Komori S, Itagaki M, Unno T, Ohashi H
Department of Veterinary Science, Faculty of Agriculture, Gifu University, Japan.
Eur J Pharmacol. 1995 Apr 24;277(2-3):173-80. doi: 10.1016/0014-2999(95)00072-s.
To characterize intracellular Ca2+ stores, the Ca(2+)-releasing effects of caffeine, carbachol and inositol 1,4,5-trisphosphate (IP3) were compared by measuring the drug-induced tension development in beta-escin-skinned longitudinal smooth muscle of guinea-pig ileum. Caffeine (20 mM), carbachol (10 or 100 microM) or IP3 (40 microM), applied after loading Ca2+ within intracellular stores, produced a transient rise in tension in a Ca(2+)-free solution. This change in tension occurred in response to release of Ca2+ from the stores. The effect of either caffeine or carbachol was markedly reduced or abolished after preceding application of the other drug. IP3 was without effect when applied subsequently to caffeine. The effects of carbachol and IP3 were abolished after combined treatment with ryanodine (30 microM) and caffeine (20 mM) which causes functional removal of caffeine-releasable Ca2+ stores, but not after combined treatment with ryanodine (30 microM) and carbachol (10 microM). The results suggest that caffeine, carbachol and IP3 all act on common Ca2+ stores to release Ca2+.

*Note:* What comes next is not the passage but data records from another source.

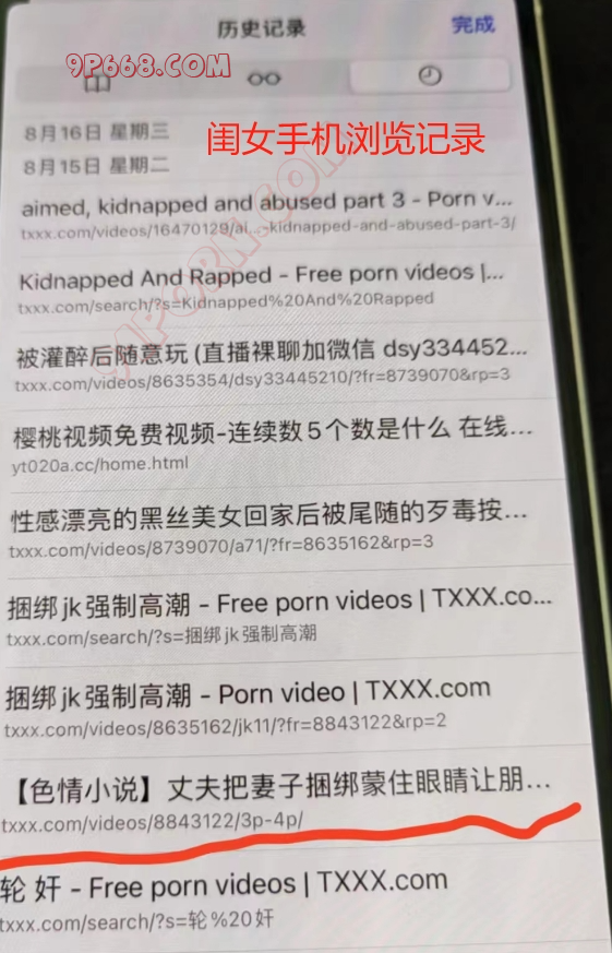 插播一下,前段时间给她闺女买了个苹果14(让她送给闺女,闺女还不知道我的存在)。因为最近闺女精力没有放在学习上,我和她商量查一下她旧手机,是否跟人聊天,聊天内容如何。结果替换下的手机,闺女把qq卸载了。不然没有密码也可以查看她的聊天记录了。不过有意外发现,发现她经常浏览黄片这也验证了她在闺女床上发现电动牙刷的原因了,闺女肯定经常看片自慰。后来借口没收手机,又查看了一下新苹果的浏览记录,还是经常看黄片。
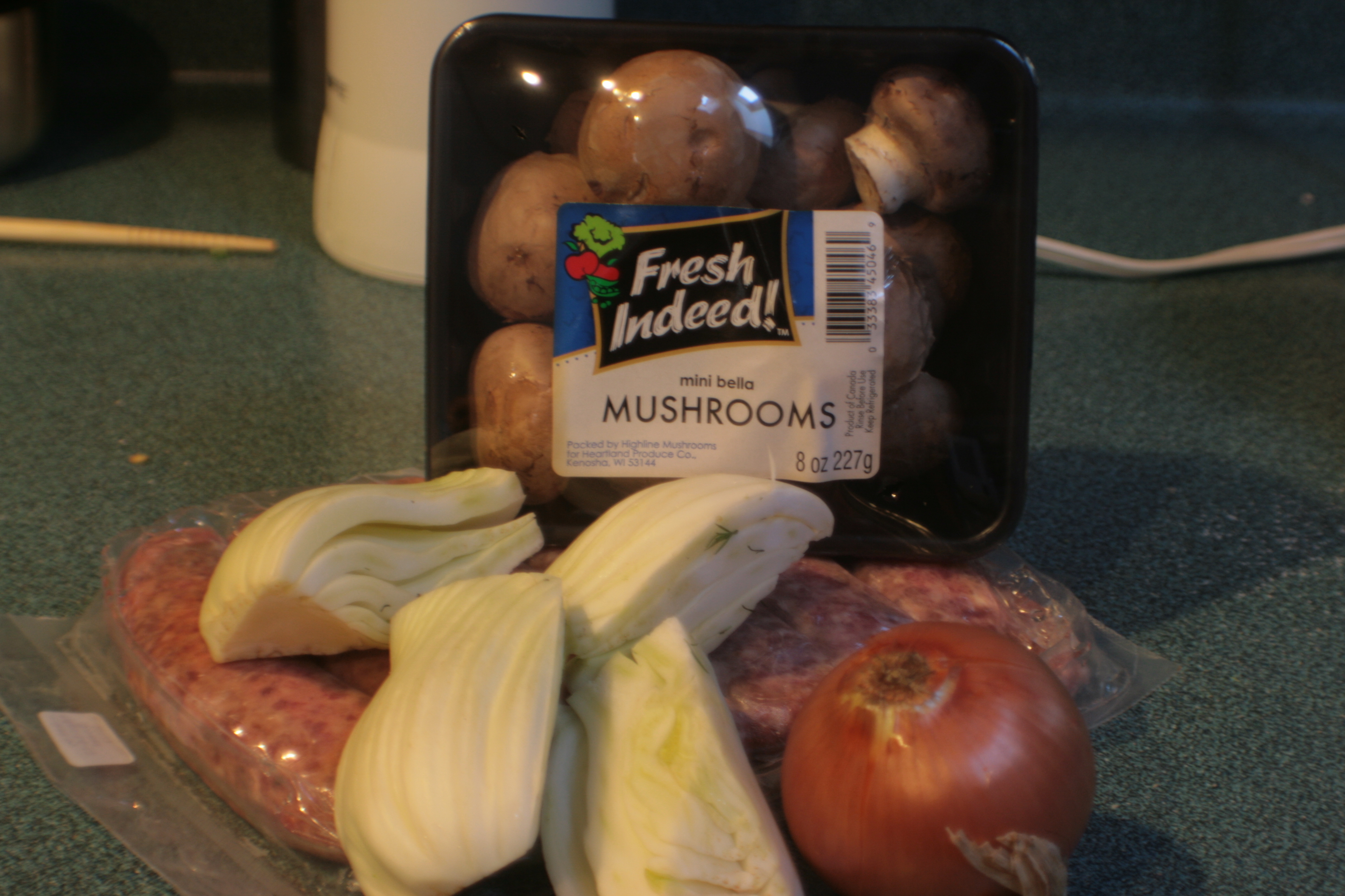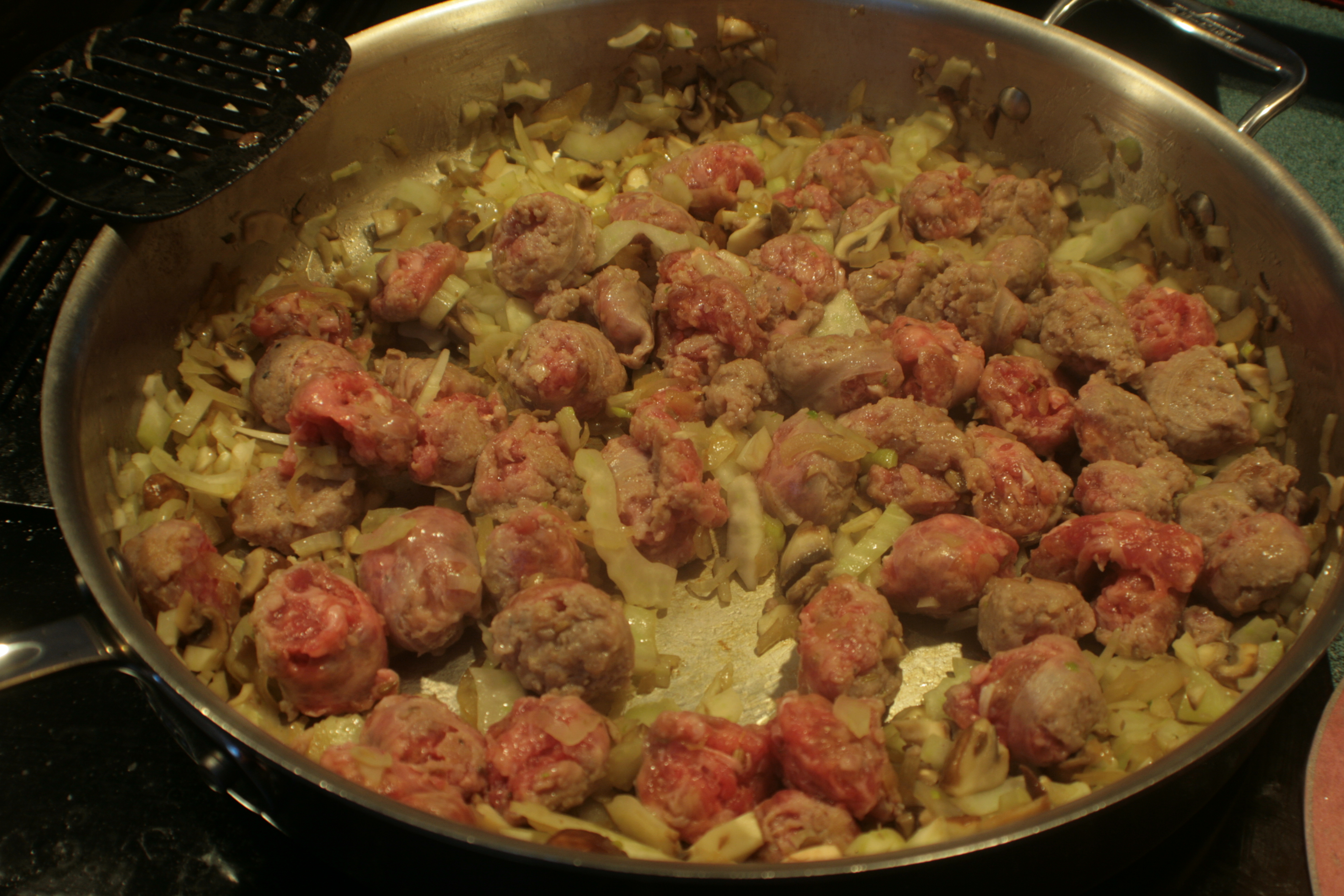 For the filling I didn’t use any recipe. (It’s not like I’d have followed it if I did use one) Instead I grabbed a variety of tasty things lying around the house and designated them filling. That’s Italian sausage, fennel, mushrooms and a yellow onion. Mmmm, french-burrito filling.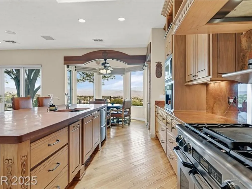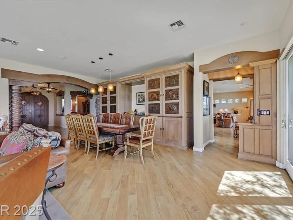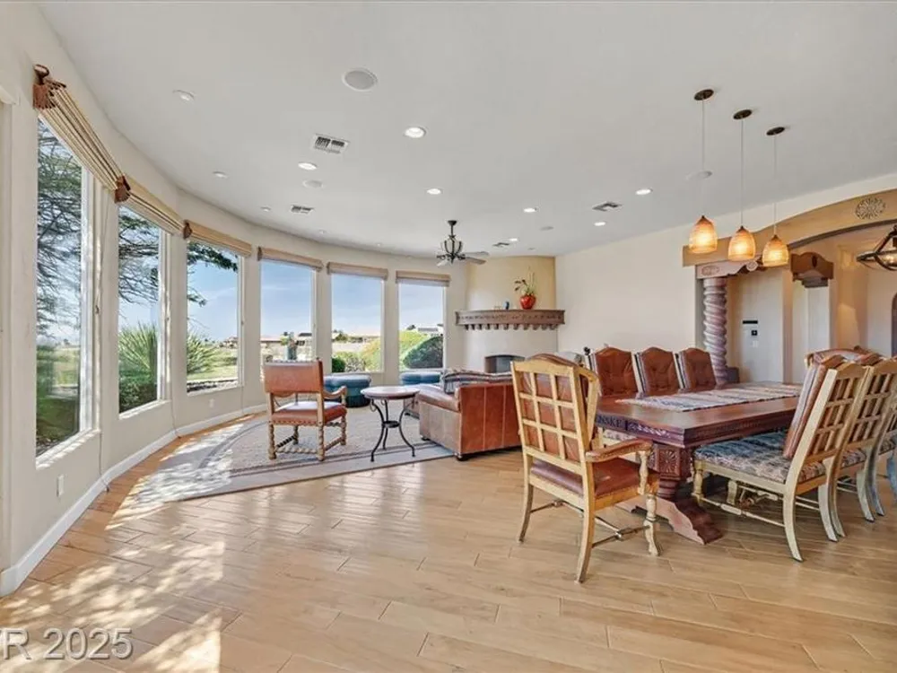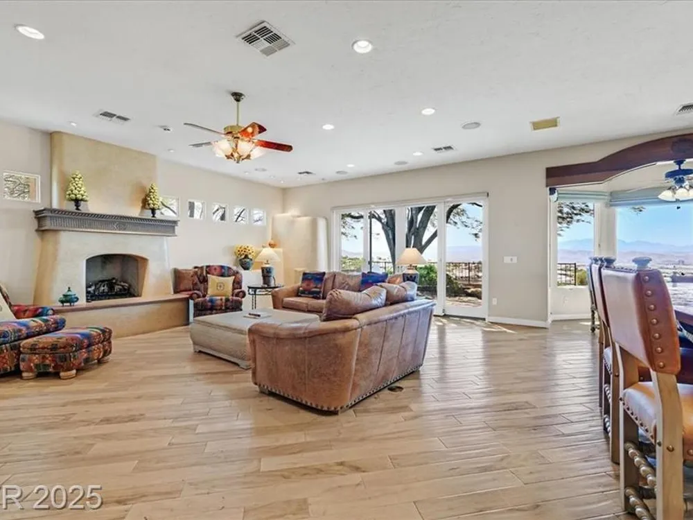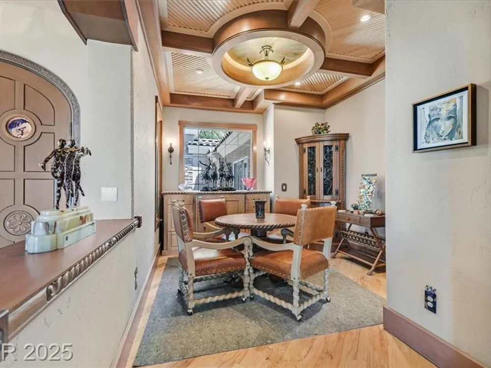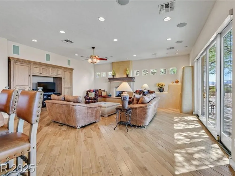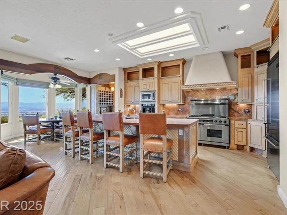 Del Webb Anthem model*Fully customized T/O*Rare enclosed courtyard affords additional patio w/privacy & dramatic entrance to home*$100,000 HVAC systems installed Nov. 2023*3 Dalkin zoned split system units*(1)3-ton 19.2 seer unit+(2)4-ton 19.2 seer units+gas furnaces*High-end kitchen w/Miele coffee system,stainless-steel appliances inc. Fisher-Paykel double dishwasher,built-in ice maker,Viking Refrigerator*Decor Microwave*Decor 6 burner Gas Range w/griddle & electric double oven*Full fan system*Top line granite counters w/full solid granite backsplash*Huge island breakfast bar w/Redrock quarried stone w/skylight*Extensive kitchen ceiling height cabinetry/shelves w/rolling ladder access*Breakfast rm w/bay windows,custom wood ceiling & table w/chairs*Unsurpassed 180° views of the Las Vegas Valley from the southern Mt Charleston Range to the LV Strip & magnificent view of the Sphere*Perched above the Gorgeous Revere Golf Course*NOTE: Please look at attachments for extensive features list*
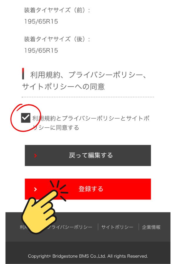 マイカー情報、個人情報の間違えを確認してください。「利用規約とポリシー同意」にチェックして登録ボタンをタップすれば、登録完了です。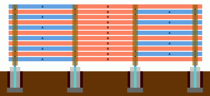 ・幕板の連結は3、1にして交互に貼る(今回、支柱が4本なので)。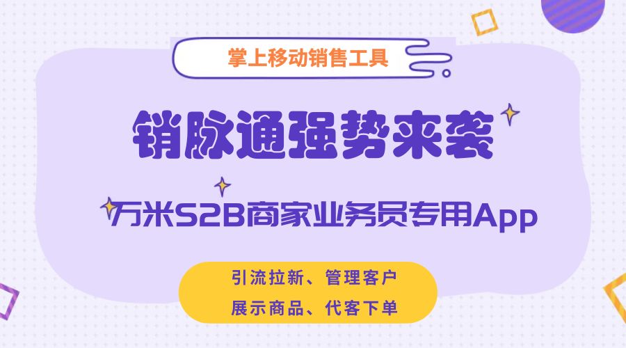 同时,万米S2B产业电商平台的各项功能也在不断地更新和迭代。那么,今天主要给大家介绍的是:新近上线的商家业务员专用App——销脉通,该APP直接无缝对接万米S2B产业电商平台,交易、库存、数据一体化管理。下面大家和万小米一起来系统了解下“销脉通”到底是一款怎样的神器,又能给业务员拓客带来哪些改变呢?

为了表征细胞内钙库,通过测量豚鼠回肠β-七叶皂苷去皮纵向平滑肌中药物诱导的张力变化,比较了咖啡因、卡巴胆碱和肌醇1,4,5-三磷酸(IP3)的钙释放效应。在细胞内钙库加载钙离子后,施加咖啡因(20 mM)、卡巴胆碱(10或100 μM)或IP3(40 μM),在无钙溶液中产生张力的短暂升高。这种张力变化是由于钙库中钙离子的释放引起的。在预先应用另一种药物后,咖啡因或卡巴胆碱的作用明显减弱或消除。IP3在随后应用咖啡因时无效。在用ryanodine(30 μM)和咖啡因(20 mM)联合处理导致可被咖啡因释放的钙库功能去除后,卡巴胆碱和IP3的作用被消除,但在用ryanodine(30 μM)和卡巴胆碱(10 μM)联合处理后则没有。结果表明,咖啡因、卡巴胆碱和IP3均作用于共同的钙库以释放钙离子。